My ancestors, my grandmother, anybody. “What I’m about to tell you is something that has never happened in the history of my coven.

And it can be incredibly dangerous for us.

For me, and this child…that is half Bastian’s.

” I make that point because I think Nicola wouldn’t care if I were dead.

“Witches only birth girls. But something happened when this child was conceived. An explicable magical occurrence because Bastian was a vampire and part human at the time. The potion gave him human qualities when he took it. So, something that wasn’t supposed to be possible…is.”

“We know all this. That’s how you got knocked up,” Nicola says, yawning into her hand.

“Our child…is a boy.”

The room couldn’t be more silent, only the cacophony of the patrons outside the door stifling us. Nicola and Cassius look at each other, their eyes seeming to speak another language.

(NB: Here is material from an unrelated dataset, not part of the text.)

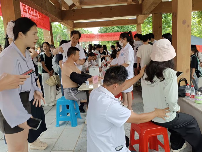 9月10日,北海校区携手北海市社科联,在南珠校区西区风雨长廊举办健康义诊活动。本次义诊邀请到中医针灸方面以及推拿方面的退休老专家和资深医师,义诊内容涵盖中医把脉问诊、针灸痛症治疗以及血压血糖测量等多项服务。

My gaze falls upon my hands, which are once again bright red from being clasped so tightly. But my head jolts up from the high-pitched shriek that has erupted from Nicola’s mouth.

She’s laughing. Laughing so hard she pounds the desk with one hand and places her head in the other.

“Stop,” Cassius whispers to her.

“You fucking witches,” she scorns, the trill of her laughter getting louder and louder. “You fucking witches are a disaster.”

“Nicola,” Cassius warns, nostrils flared, a look of exasperation on his face.

Angers swells in my chest, but before I can react, before I can calm her down, Mother reaches out her arms, whispering a spell I can’t hear through Nicola’s rancorous laughter.

Mother’s invisible power swipes across Nicola’s desk, and pens and papers go flying.

A telephone crashes into the floor, and a dagger strikes the wall beside me.

Everything but Mother’s purse piles across the room and crashes to the floor.

Nicola shoots out of her chair, her fangs sliding out with an ear-piercing groan. Her fist rises in the air then slams down, crushing Mother’s purse through the desk, the edge of the wood creaking and falling off as if Nicola’s hand were an axe.

“Stop,” Cassius commands, fangs extended, and with one jump, he lands between them both on top of the desk.

But Nicola uses her powerful strength to swipe against his calves, and then his feet are in the air, and he falls flat on his back.

In seconds, Nicola has rounded the desk and has my mother’s back pressed into her chest. Her hand snakes across Mother’s waist, caging her in a tight embrace.

With a sharp inhale into my mom’s neck, Nicola’s nostrils flare, her fangs gleaming, eyes lusting for a taste.

“Are you fucking kidding me?” I scream, looking at the two women, power igniting in my fingertips.

“Take a bite, Nicola. I dare you,” Mother pants, a taunting smile on her red lips, goading Nicola to take Mother’s cursed blood. “My skin welcomes you, please, it cries. Take a bite.”

“Put your guns away,” Cassius tells me. “She’s not taking a bite.”

“Maybe I will. Maybe I will, and put an end to all of this,” Nicola seethes. “I’ve been alive for hundreds of years. I could take a bite and be done with it all.”